Assigned task -> Could you repeat exactly the lines below, from the line containing "The slogan Neomejen" through the last one, both included, while leaving out any pictures?

The data ->
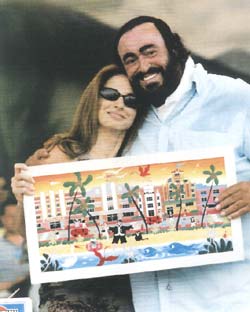 When Gloria Estefan traveled to Italy in June to sing with Pavarotti, she took a special gift she would be presenting to Pavarotti from the city of Miami Beach. The gift was a painting by Herbert Felic Hofer, an internationally famous South Beach artist. The painting commemorates Mr. Pavarotti's concert on South Beach in 1995. It is the city's invitation to Pavarotti to return to South Beach to perform, this time with our favorite diva, Gloria Estefan. In the painting are several of South Beach's famous Art Deco buildings, including the Estefans' Cardozo Hotel and the 1390 Ocean Drive condominium where Hofer lives. |
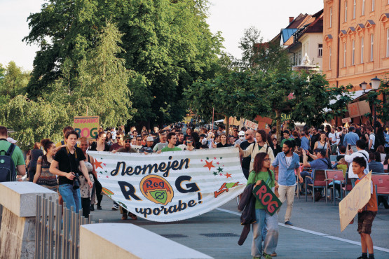 The slogan Neomejen Rog uporabe (Unlimited Date of Expiery) addressed the legal procedures and the question of the ownership of property. Photo: Rio, an active member of Rog community and user of its facilities.
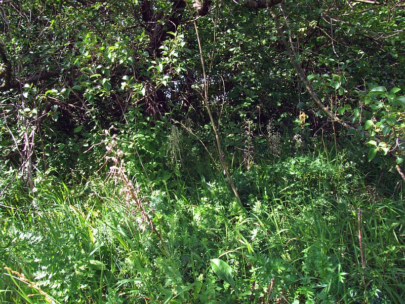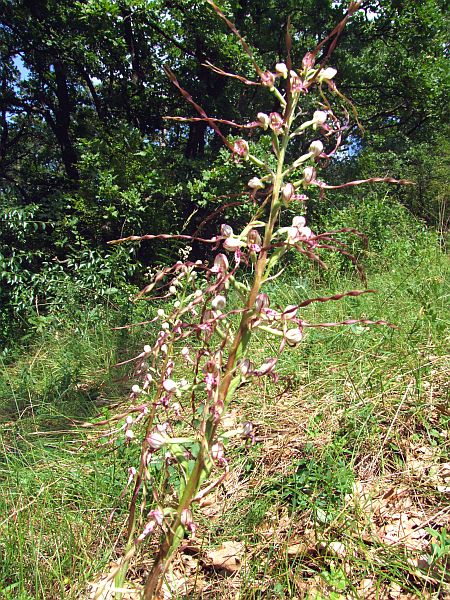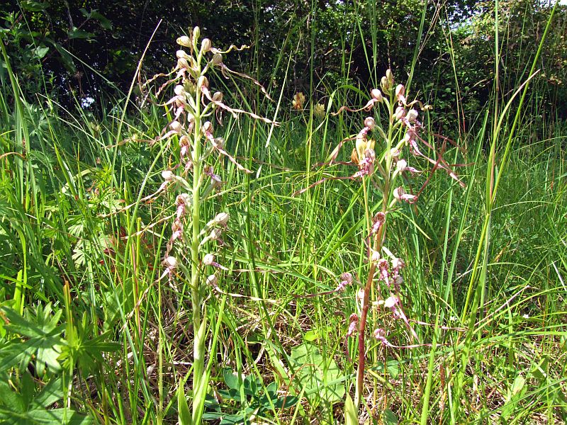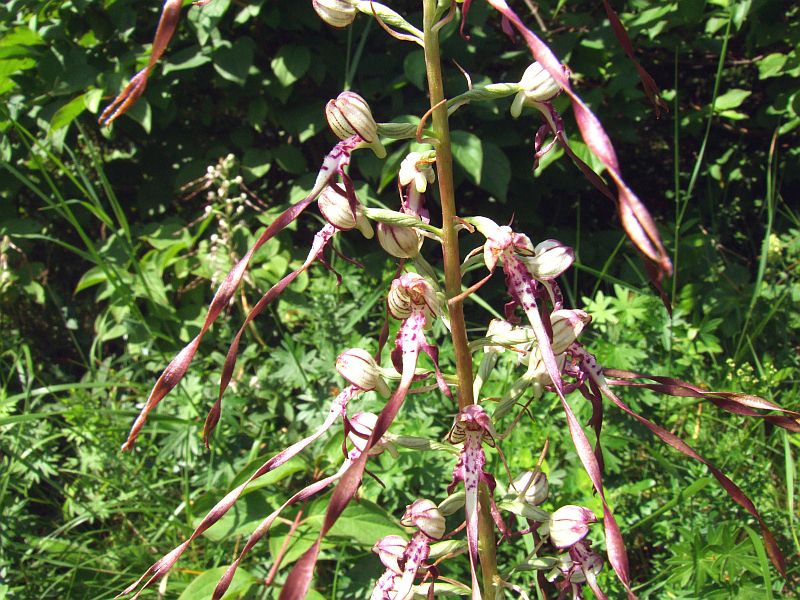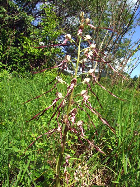 Nahe an Gebüschen blüht jetzt eine bizarre, bei genauer Betrachtung aber überaus attraktive Orchidee: die adriatische Riemenzunge (Himantoglossum adriaticum)

The answer ->
 The slogan Neomejen Rog uporabe (Unlimited Date of Expiery) addressed the legal procedures and the question of the ownership of property. Photo: Rio, an active member of Rog community and user of its facilities.
 Nahe an Gebüschen blüht jetzt eine bizarre, bei genauer Betrachtung aber überaus attraktive Orchidee: die adriatische Riemenzunge (Himantoglossum adriaticum)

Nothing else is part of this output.